Effect of Septoplasty on Voice Quality: A Prospective-Controlled Trial

Article information

Clin Exp Otorhinolaryngol. 2016;9(3):238-243

Publication date (electronic) : 2016 May 27

doi : https://doi.org/10.21053/ceo.2015.01354

Safak Gulec ¹, Ismail Kulahli ², Mehmet Ilhan Sahin ², Kerem Kokoğlu^,², Murat Salih Gunes ³, Deniz Avci ⁴, Turan Arli ⁵

¹Department of Otolaryngology, Private Neon Hospital, Erzincan, Turkey

²Department of Otolaryngology-Head and Neck Surgery, Faculty of Medicine, Erciyes University, Kayseri, Turkey

³Department of Otolaryngology, Kayseri Training and Research Hospital, Kayseri, Turkey

⁴Department of Otolaryngology, Patnos State Hospital, Agri, Turkey

⁵Deprtment of Otolaryngology, Kasımpasa Military Hospital, Istanbul, Turkey

Corresponding author: Kerem Kokoğlu, Depatment of Otolaryngology-Head and Neck Surgery, Faculty of Medicine, Erciyes University, Rektörlüğü 38039, Kayseri, Turkey Tel: +90-507-540-7270, Fax: +90-352-207-6666 E-mail: dr.kokoglu@gmail.com

Received 2015 August 31; Revised 2015 November 17; Accepted 2015 November 17.

Abstract

Objectives.

The purpose is to investigate effect of septoplasty and widened nasal patency on voice quality.

Methods.

Fifty patients who undergone septoplasty were included in the study.

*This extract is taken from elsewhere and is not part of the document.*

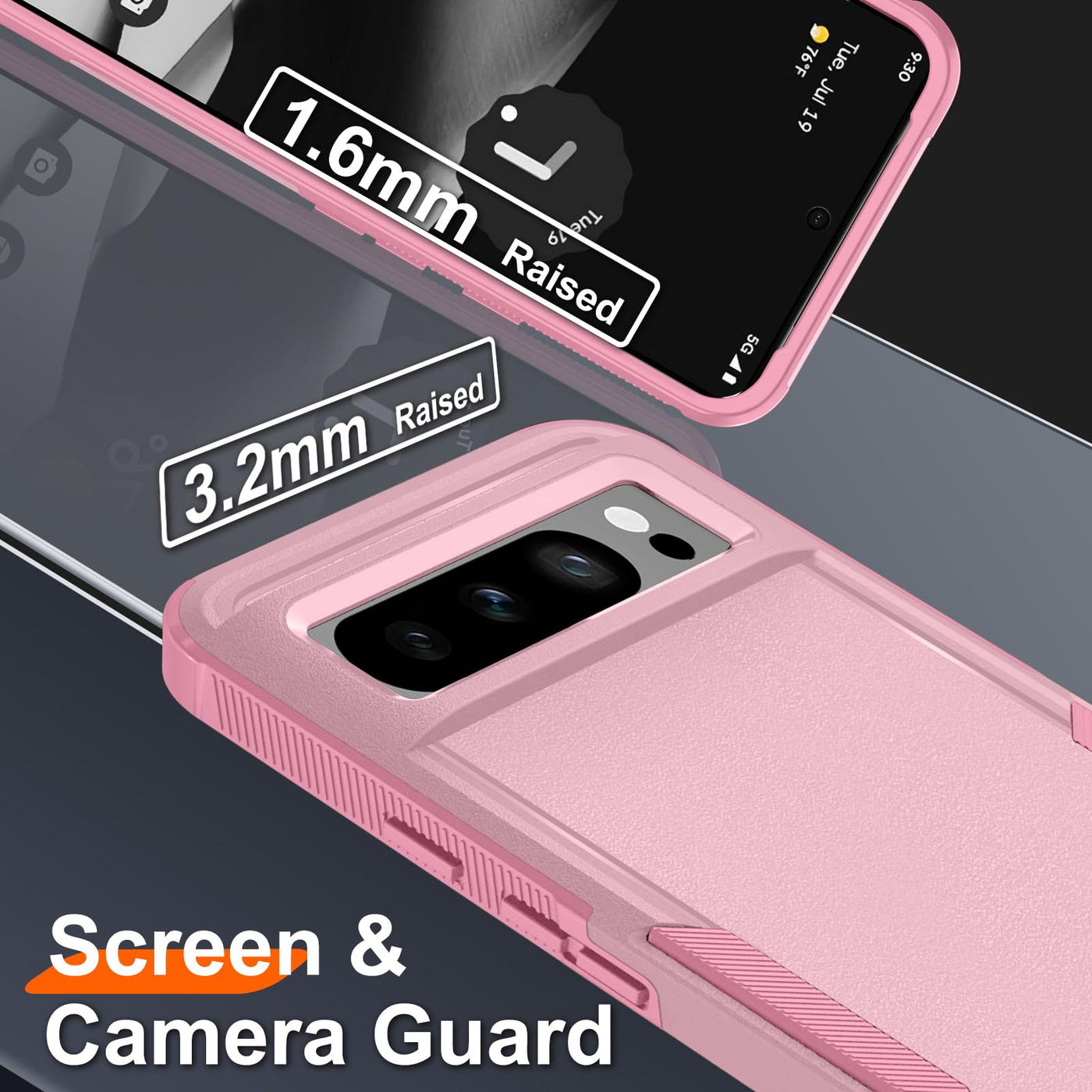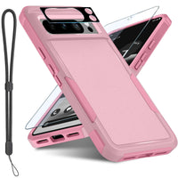 Janmitta For Google Pixel 8 Pro Case With Screen Protector+Camera Lens Protector+Wrist Strap Lanyard,Heavy Duty Shockproof Full Body Phone Cover,2023 Girly Pink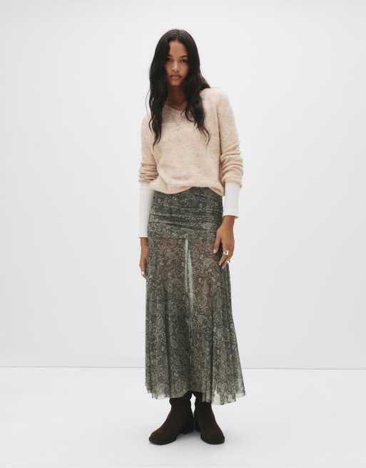 Pull&Bear - Asymmetrische paisley midirok in donker kaki

Thirty-three people who had similar age and distribution were enrolled as control group. Before and 1 and 3 months after surgery, anterior rhinomanometry, voice analysis by Multi-Dimensional Voice Program, and spectrographic analysis were performed to patients. The recordings of /a/ vowel were used to evaluate average fundamental frequency (F0), jitter percent, and shimmer percent. In spectrographic analyses, F3–F4 values for the vowels /i, e, a, o, and u/, nasal formant frequencies of the consonants /m/ and /n/ in the word /mini/, and 4 formant frequencies (F1, F2, F3, and F4) for nasalized /i/ vowel following a nasal consonant /n/ in the word /mini/ were compared. The differences in nasal resonance were evaluated. All patients were asked whether change in their voices after the surgery. Preoperative and postoperative voice parameters and anterior rhinomanometry results were compared separately with the control group as well as in the patient group itself.

Results.

Preoperative total nasal resistance (TNR) values of patients were higher than the control group (P=0.001). TNR values of patients measured one day before surgery and after surgery in the 1st and 3rd months were different and these differences were significant statistically (P=0.001). There was no significant difference between the voice analysis parameters in preoperative, postoperative 1st, and 3rd months. As a result of their subjective reviews, 12 patients (36%) noted their voices were better than before surgery and 20 patients (61%) noted no change before and after surgery.

Conclusion.

Providing widened nasal cavity has no effect on voice quality.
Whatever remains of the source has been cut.